Directions: In your copy of the records, include every word exactly and no pictures.

::: Data provided :::

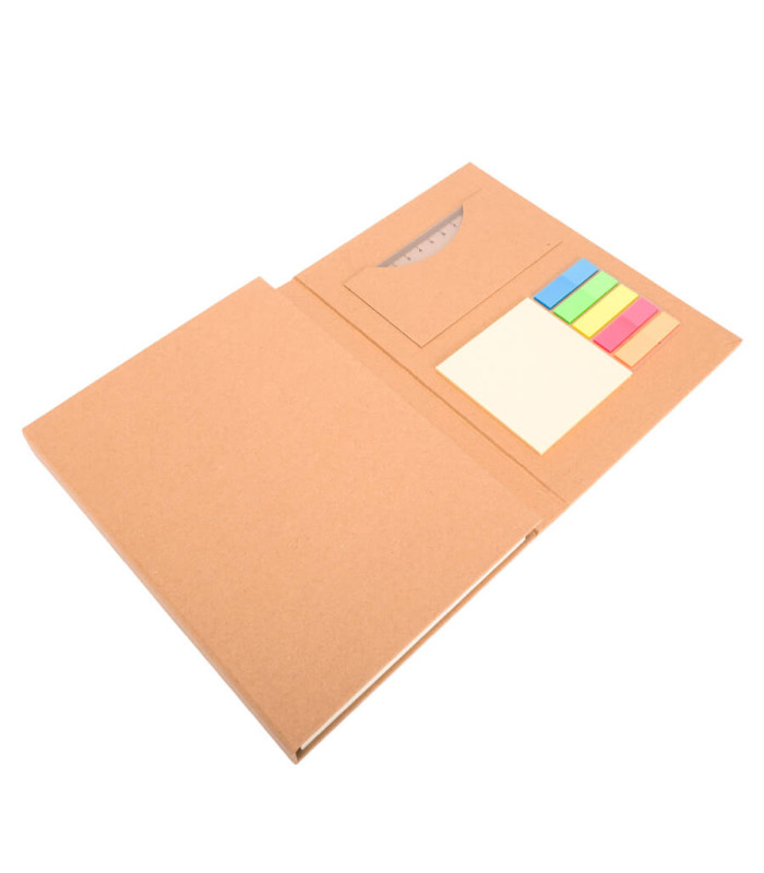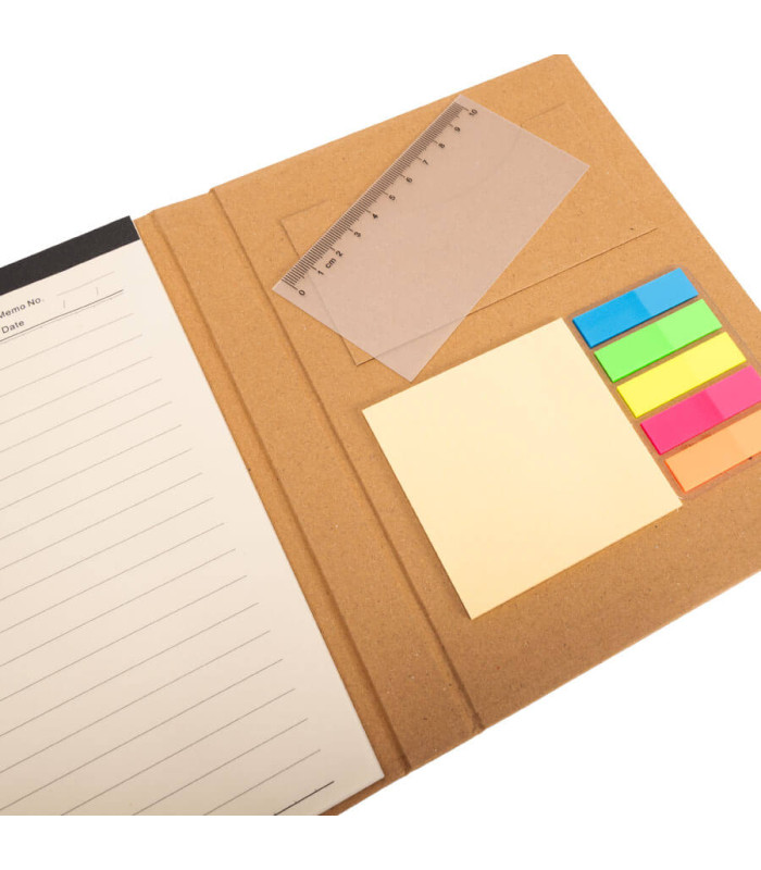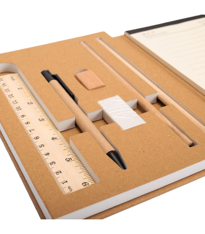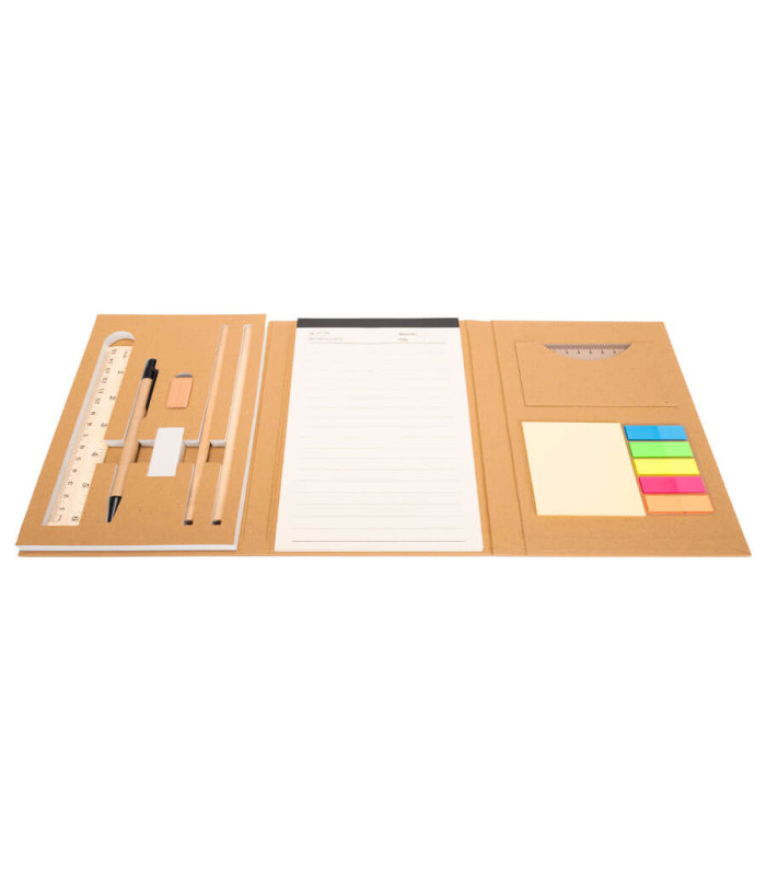 El Set de Escritorio «TRIUMPH» es una solución integral de organización fabricada en papel y cartón forrado. Contiene un Memo-set Semanal de 50 hojas marfil lineadas (14 x 20.5 cm), regla plástica de 10cm, post-it amarillos, 5 sets de banderitas adhesivas, regla de madera de 15cm, bolígrafo de papel reciclado (tinta azul), goma de borrar, sacapuntas de madera y 2 lápices de grafito. Todo organizado en un estuche desplegable con presentación en bolsa OPP.
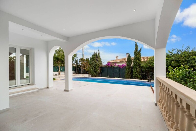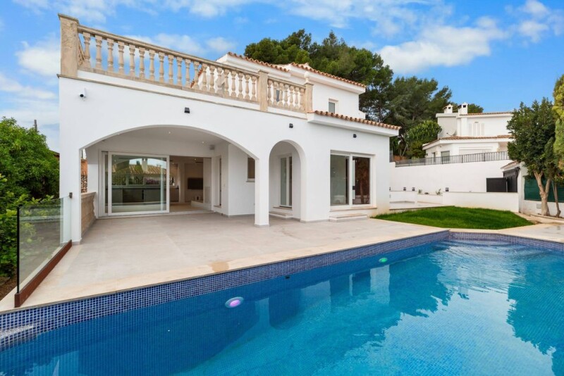 Discover this newly renovated house, ready to move in. The constructed area of the house is 420m2 and it is located on a 600m2 plot facing southeast. The ground floor consists of an entrance hall, an open-plan living-dining room and a Hecker brand kitchen, fully equipped with Miele appliances, a bedroom with an en suite bathroom and a guest toilet. From the living room there is access to the terrace, the Mediterranean-style garden and the pool. The upper floor consists of the master bedroom with an en suite bathroom and a large terrace with unobstructed views of the sea and the Bellver castle, another en-suite bedroom with a bathroom. Additional features: fireplace, Sonos sound system, fiber optics, alarm system, garage for one car, off road parking for two cars. The property is located on the hillside of the town of Génova, where you can enjoy the tranquility, whilst being only 15 minutes from the center of the city of Palma, as well as the beach.
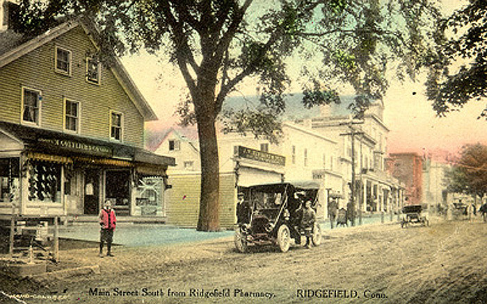 This view shows the east side of Main Street, a little north of Bailey Avenue, around 1910. At left is Gottlieb's shoe store, which today is the Raveis Real Estate office. Right behind the car is Hibbart's Market which, with a couple of nearby buildings, was destroyed in a fire around 1930. Nonetheless, the scene today looks very much like this, except for the lack of the magnificent elm. The town hall is the reddish building down the street.
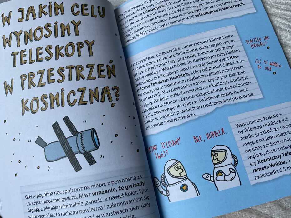 Czytając książkę, naszą uwagę przyciągają ciekawe ilustracje, zrobione w prostym, ale fajnym stylu. Mnie podoba się humor dodany do obrazków jak choćby rozmowa dwóch astronautów: Astronauta 1: “Fajny teleskop! Twój?” Astronauta 2: “Nie, Hubble’a…”
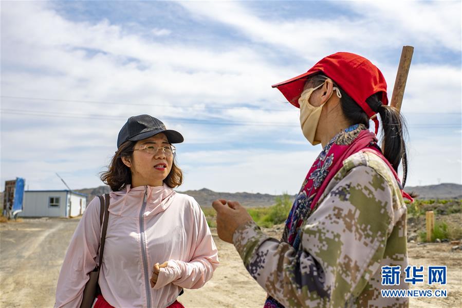 在新疆精河县城近郊的一处枸杞园,朱虹美(左)与一位杞农聊天(7月11日摄)。 新华社记者 胡虎虎 摄

:::

Your solution:
 El Set de Escritorio «TRIUMPH» es una solución integral de organización fabricada en papel y cartón forrado. Contiene un Memo-set Semanal de 50 hojas marfil lineadas (14 x 20.5 cm), regla plástica de 10cm, post-it amarillos, 5 sets de banderitas adhesivas, regla de madera de 15cm, bolígrafo de papel reciclado (tinta azul), goma de borrar, sacapuntas de madera y 2 lápices de grafito. Todo organizado en un estuche desplegable con presentación en bolsa OPP.
 Discover this newly renovated house, ready to move in. The constructed area of the house is 420m2 and it is located on a 600m2 plot facing southeast. The ground floor consists of an entrance hall, an open-plan living-dining room and a Hecker brand kitchen, fully equipped with Miele appliances, a bedroom with an en suite bathroom and a guest toilet. From the living room there is access to the terrace, the Mediterranean-style garden and the pool. The upper floor consists of the master bedroom with an en suite bathroom and a large terrace with unobstructed views of the sea and the Bellver castle, another en-suite bedroom with a bathroom. Additional features: fireplace, Sonos sound system, fiber optics, alarm system, garage for one car, off road parking for two cars. The property is located on the hillside of the town of Génova, where you can enjoy the tranquility, whilst being only 15 minutes from the center of the city of Palma, as well as the beach.
 This view shows the east side of Main Street, a little north of Bailey Avenue, around 1910. At left is Gottlieb's shoe store, which today is the Raveis Real Estate office. Right behind the car is Hibbart's Market which, with a couple of nearby buildings, was destroyed in a fire around 1930. Nonetheless, the scene today looks very much like this, except for the lack of the magnificent elm. The town hall is the reddish building down the street.
 Czytając książkę, naszą uwagę przyciągają ciekawe ilustracje, zrobione w prostym, ale fajnym stylu. Mnie podoba się humor dodany do obrazków jak choćby rozmowa dwóch astronautów: Astronauta 1: “Fajny teleskop! Twój?” Astronauta 2: “Nie, Hubble’a…”
 在新疆精河县城近郊的一处枸杞园,朱虹美(左)与一位杞农聊天(7月11日摄)。 新华社记者 胡虎虎 摄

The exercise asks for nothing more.